Шрифт:
Интервал:
Закладка:
— То есть, как же это? — оторопело спросил Шишкин.
— А так, что в один прекрасный день можно отправиться ad Patres, очень серьезно ответил Свитка. — Поэтому, будьте осторожны и прежде всего — язык за зубами. Назад уже, конечно, отступления нет; вы понимаете…
— Но… отправиться ad patres… Это легко сказать…
— Легко сказать, и не трудно исполнить, какая-нибудь маленькая доза стрихнину, укол отравленною булавкой, да и, Боже мой! Мало ли есть средств для этого?
Свитка на первых же порах нарочно старался побольше запутать неопытного юношу, чтобы тем легче забрать его в руки и сделать ему невозможным поворот назад. Шишкин призадумался и даже приуныл немного. Он вдруг почувствовал себя в положении мышонка, попавшегося в мышеловку на кусочек свиного сальца.
— Ну, друг любезный! чур, головы не вешать! — хлопнув по плечу, весело подбодрил его Свитка. — Знаете, говорят, это вообще дурная примета, если конь перед боем весит голову. Смелее! Будьте достойны той чести, которую сделал вам выбор общества, будьте же порядочным человеком! Надо помнить то святое дело, за которое вы теперь взялись своею охотой!
— О, Боже мой, да я готов!.. Я готов! Неужели вы можете сомневаться? — воскликнул Шишкин. — Но в чем же дело? И только давайте поскорее!
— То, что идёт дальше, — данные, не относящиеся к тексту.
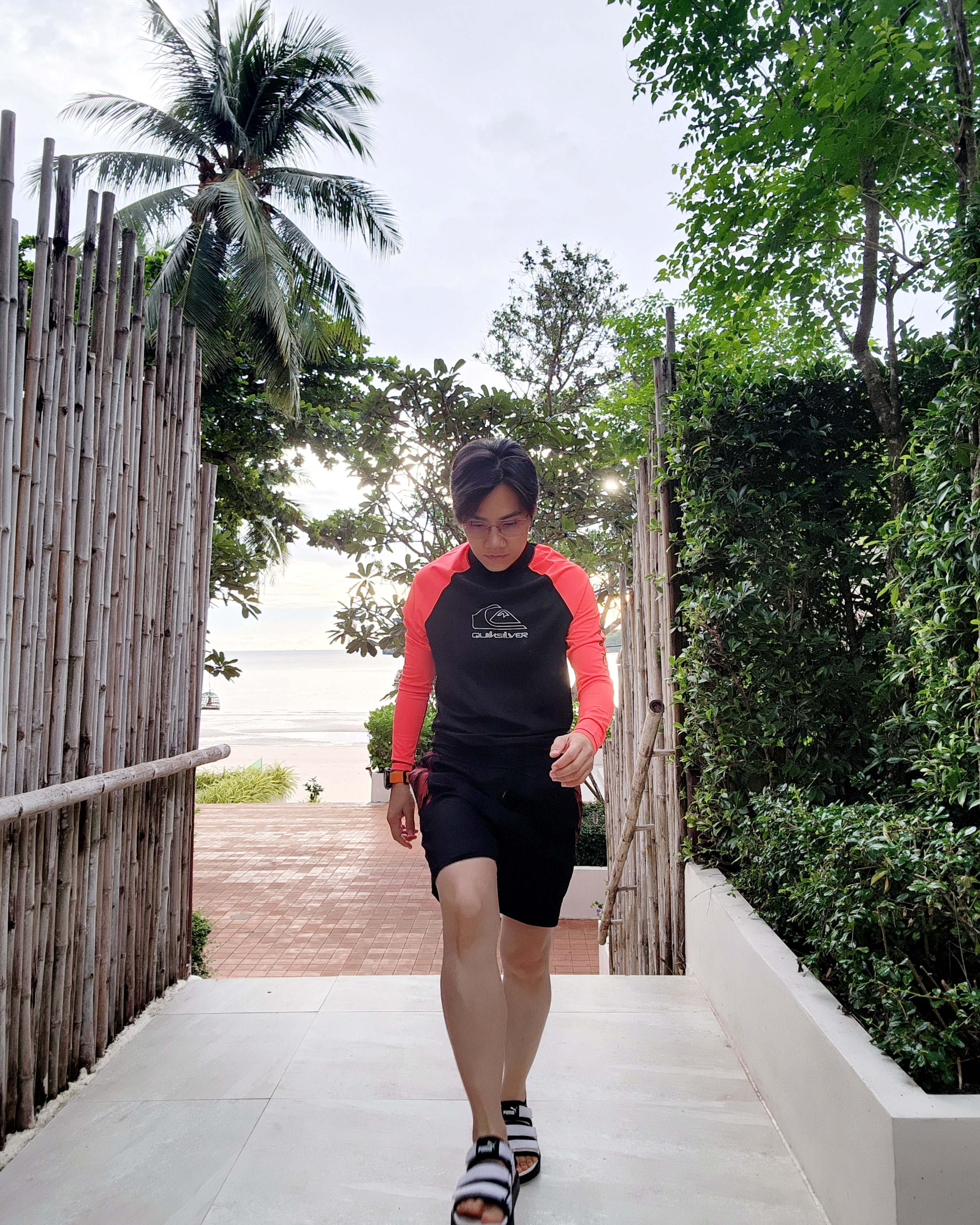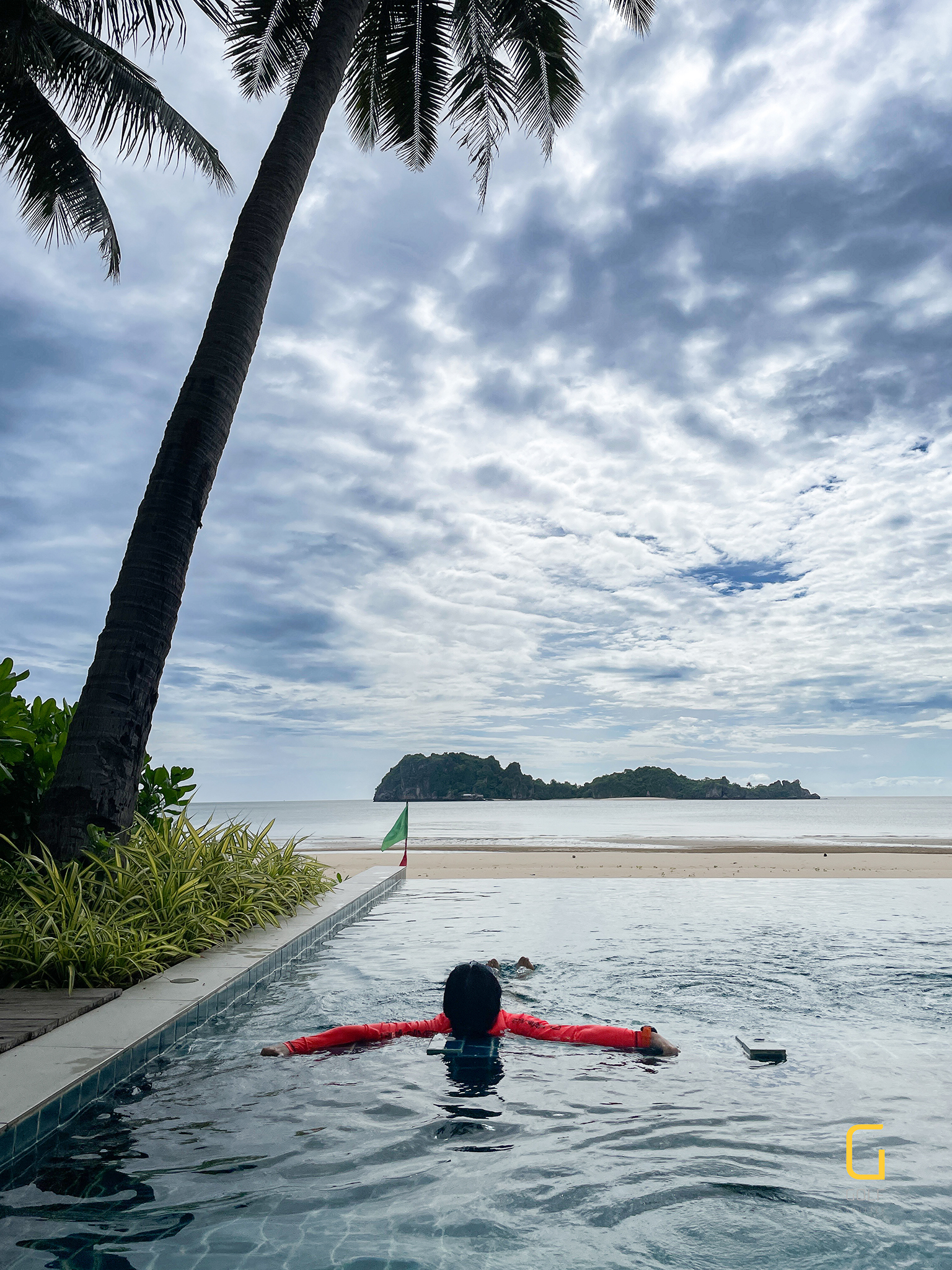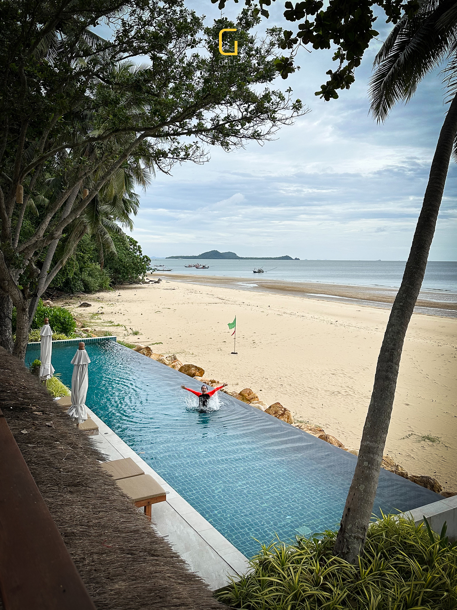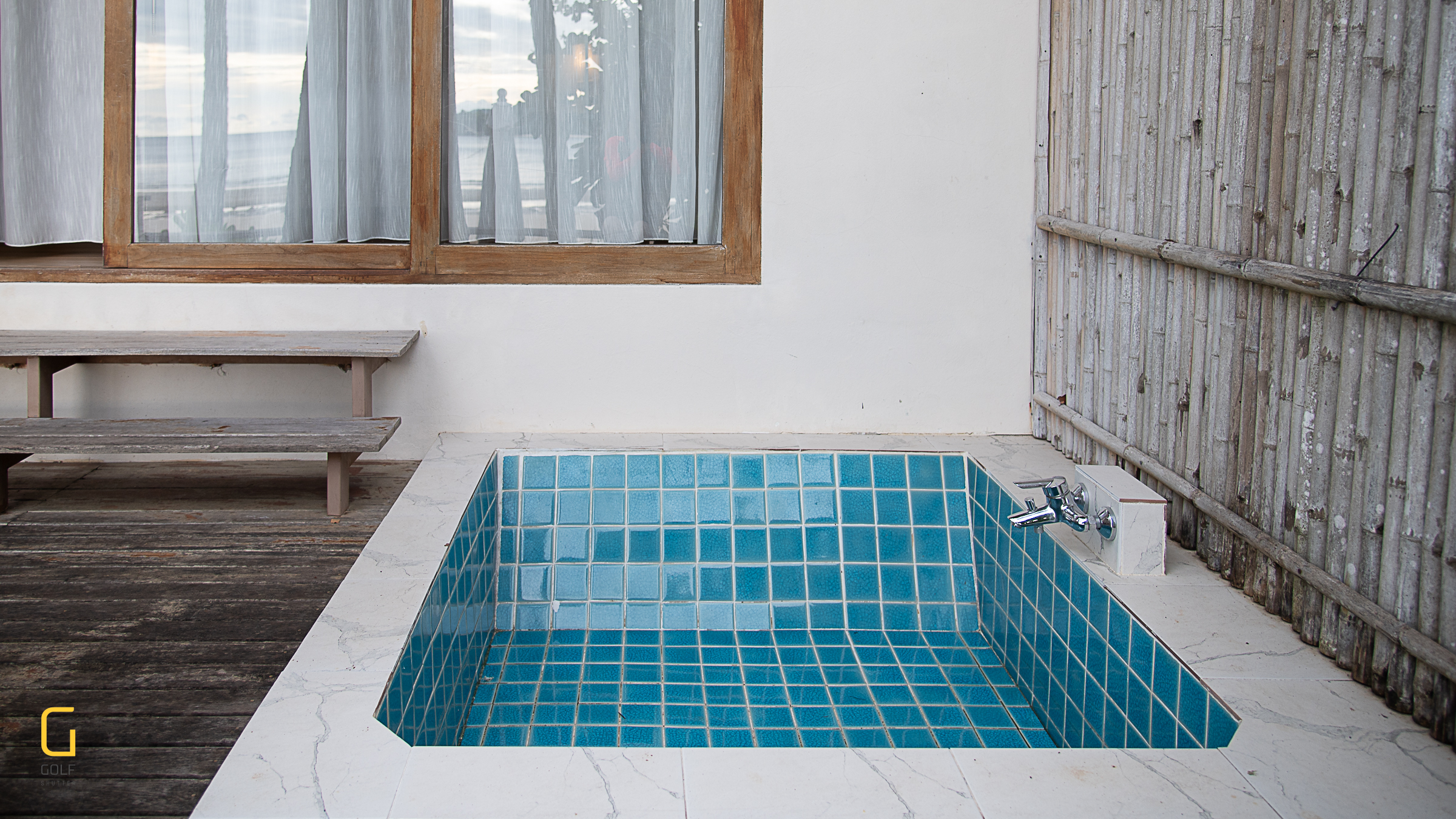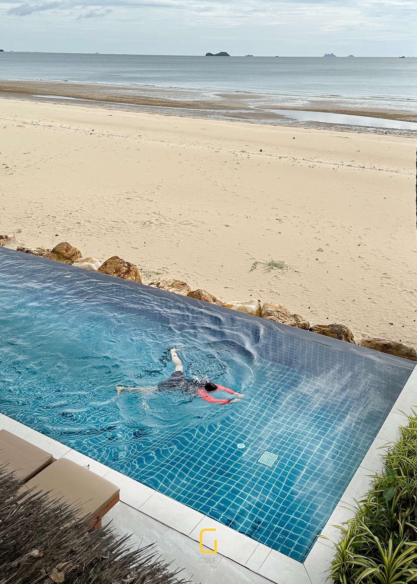 ก่อนจะรับประทานอาหารเช้า จะต้องออกกำลังกายก่อนเสมอ ในครั้งนี้ ShutterGolf เลือกที่จะว่ายน้ำ เพราะเป็นสระยาว สามารถว่ายทำระยะได้ ไม่ใช่เพียงสระรูปทรงอื่น ๆ ที่มีเพียงประดับไว้ให้ผู้เข้าพักแช่น้ำแล้วถ่ายรูปทำ Content น่ะ เช้านี้ ShutterGolf ว่ายไป - กลับได้ 1 กิโลเมตรพอดี ระหว่างว่ายก็พักมองวิวได้ด้วย เพราะสระน้ำที่นี่ติดกับชายหาด ดังนั้น Seamless Feel สุด ๆ เหมือนเราได้ว่ายน้ำทะเลด้วย ในสระนี้มี Jaguzzi ด้วยนะ ทำให้ผ่อนคลายได้มากขึ้น
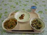 牛乳 ごま辛ラーメン きくらげの中華あえ 大学芋 大豆小魚
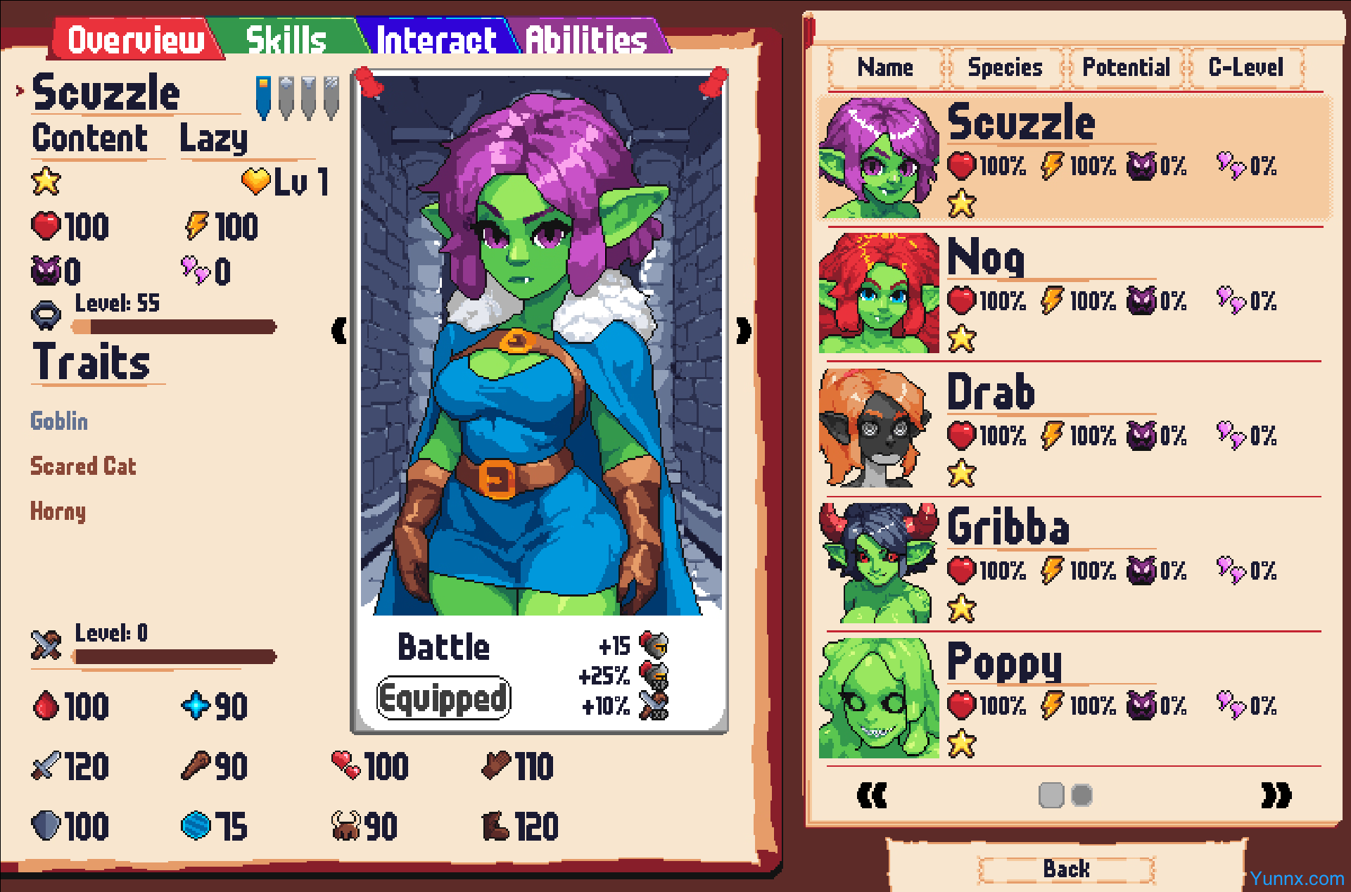1. Train your captured Monster Girls, enhancing their skills to improve tavern operations and dungeon exploration effectiveness.
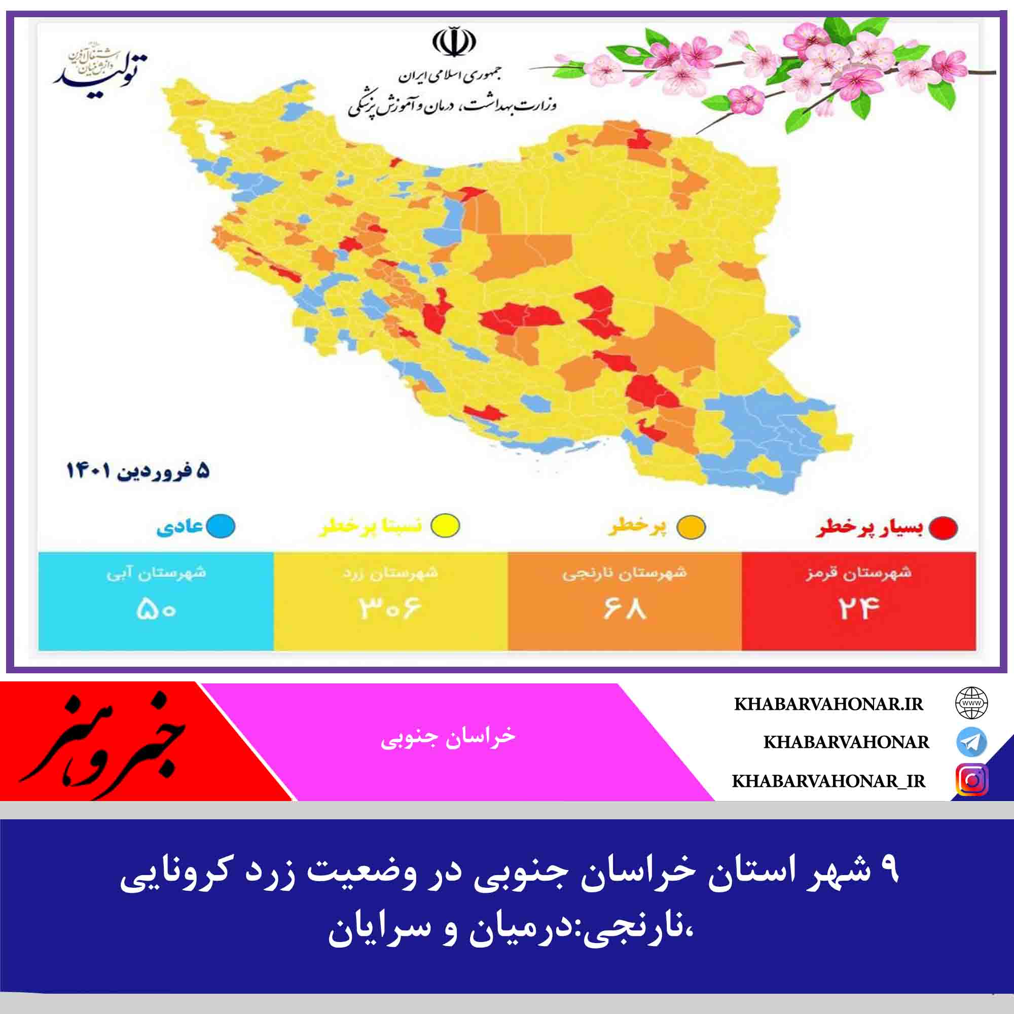 ?زرد: بیرجند، بشرویه، خوسف، زیرکوه، سربیشه، فردوس، قائنات، طبس و نهبندان

— Дело в том, что дня через два-три мы отправимся с вами по Поволжью: где пешочком, где на лодочке, а где и конно, как случится; ну, и станем мужичкам православным золотые грамоты казать. — Понимаете-с? — прищурился Свитка. — Нынче вечером будьте у меня: я покажу вам экземплярчик, и вообще потолкуем, условимся, а пока прощайте, да помните же хорошенько все, что сказал я вам.
И пожав ему руку, Свитка быстро пошел из сада.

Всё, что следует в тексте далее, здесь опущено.